Świetnie, że w Kanale ZERO pojawił się temat. Bardzo dobrze! A teraz krytyka.
Na chwilę obecną przesłuchałem około połowy wywiadu i mam wrażenie, że jednak jest naciągany... Można powiedzieć tyle rzeczy, które naprawdę są problemem, a mówi się o rzeczach które nie istnieją. Przykład: prowadzący pyta, czy można odmówić starszym zboru, gdy ci wysyłają cię do służby, na co Tulia "UUU! No, to znaczy możesz spróbować, ale zaraz spotka się trzech starszych i zaczną o tobie rozmawiać!"

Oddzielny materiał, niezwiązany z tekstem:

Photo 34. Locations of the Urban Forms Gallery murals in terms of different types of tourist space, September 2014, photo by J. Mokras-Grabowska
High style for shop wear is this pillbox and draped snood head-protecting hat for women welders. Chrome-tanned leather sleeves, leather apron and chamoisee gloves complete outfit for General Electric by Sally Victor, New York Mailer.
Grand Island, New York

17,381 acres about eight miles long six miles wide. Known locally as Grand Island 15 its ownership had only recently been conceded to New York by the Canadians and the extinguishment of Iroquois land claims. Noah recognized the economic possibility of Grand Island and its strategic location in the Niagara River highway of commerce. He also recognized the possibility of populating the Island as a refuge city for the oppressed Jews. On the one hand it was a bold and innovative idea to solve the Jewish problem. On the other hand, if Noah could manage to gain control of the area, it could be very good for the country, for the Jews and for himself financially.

Serio? Po pierwsze trzeba było sprostować, że starsi "nie wysyłają do służby", po drugie, można wielokrotnie odmówić im punktu, sprzątania, czy nawet wizyty pasterskiej i umówmy się, że najczęściej nic się nie dzieje. Ona natomiast zrobiła złowieszcze "UUUU", jakby starsi byli co najmniej przemocowymi mężami - no takim to czasem faktycznie nie możesz odmówić, bo oberwiesz drzwiami od lodówki, wtedy jest "UUUU".

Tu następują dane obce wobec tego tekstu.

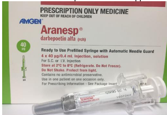
Darbepoetin can be useful in cats with anaemia due to chronic kidney disease

Recombinant human erythropoietin analogues (R-HuEPO), including epoetin and darbepoetin, have been used in CKD cats with improvements in appetite and quality of life identified. Both products are identical to the naturally occurring hormone in people and relatively similar (83.3%) to feline erythropoietin. Darbepoetin has a prolonged half-life, requiring less frequent administration than epoetin, but is more expensive.

W kilku miejscach na tej połowie pojawia się drama w miejscach, w których jej najczęściej nie ma. Konspekt wywiadu jest taki sobie, być może dlatego, że Łukasz Kaca nie lubi stwarzać wrażenia stronniczego i bardzo waży treści, które są zresztą naprawdę dobre. Domyślam się, że tutaj też tak było, ale umówmy się, że to nie znaczy, że trzeba robić ze starszych ludzi, "którym nie można odmówić".

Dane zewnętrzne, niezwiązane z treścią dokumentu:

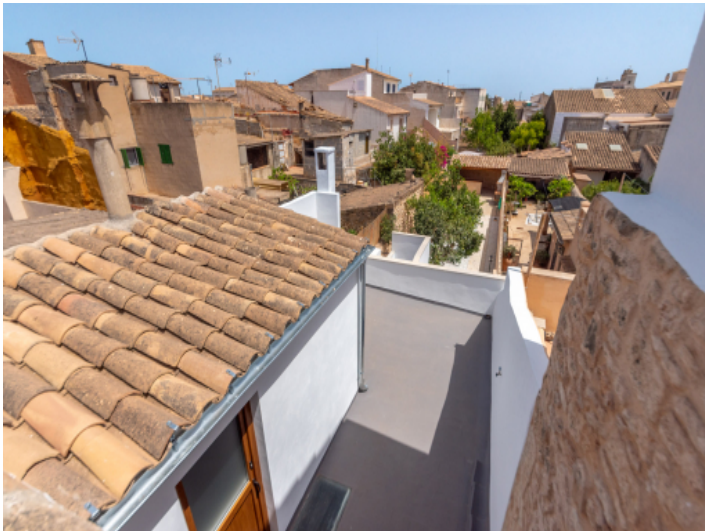
View from the rooftop over the neighborhood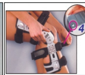
Easy & correct fitting

Tego typu treści powodują, że świadkowie mogą je bagatelizować, najzwyczajniej wyśmiać, bo coś takiego po prostu u nich nie ma miejsca. Skrajnym przykładem jest "zarzut mieszania krwi". Głupoty tego kalibru zabijasz śmiechem i mówisz "bądźmy poważni, to jakieś bzdury". To ostatecznie szkodzi sprawie.